Tang, who will graduate at the end of 2021, says he sees nothing incongruous between his studies — he’s researching the relationship between humans and the microbial species that live in and on us — and his gaming passion. The limitations the game imposes on players force them to be creative and to think outside the bounds of normal game play, he says, noting those qualities are also valuable in scientific research.

“The work is really complementary,” Tang says. “When I feel, sometimes, that graduate work is being frustrating and I feel as if I’ve hit a bit of a snag… I find it relieving to pivot from real-life work to building in Minecraft.”

A depiction of Hatley Park as seen in Minecraft.

Says Seeman of Tang’s work: “I was struck by how pretty [the renderings] were, what a detailed recreation he’d done.

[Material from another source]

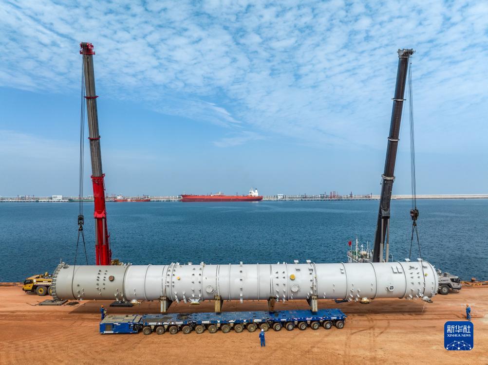 10月7日,在山東港口煙臺港西港區,一件171噸重的設備被吊裝上岸(無人機照片)。

“This is a really good example of the marriage of arts and archives, creativity and bringing in historical records to create something new,” she says, noting many people access Royal Roads’ archival records through an online database.

“I’m always really fascinated by the ways archives get used because my principal raison d’être is to make records available long-term and provide access to those records.

“As an archivist, you can never predict how records will be used in the future. And that’s part of what I enjoy so much about my job… seeing how people will reinterpret the records and give them new life and new meaning.”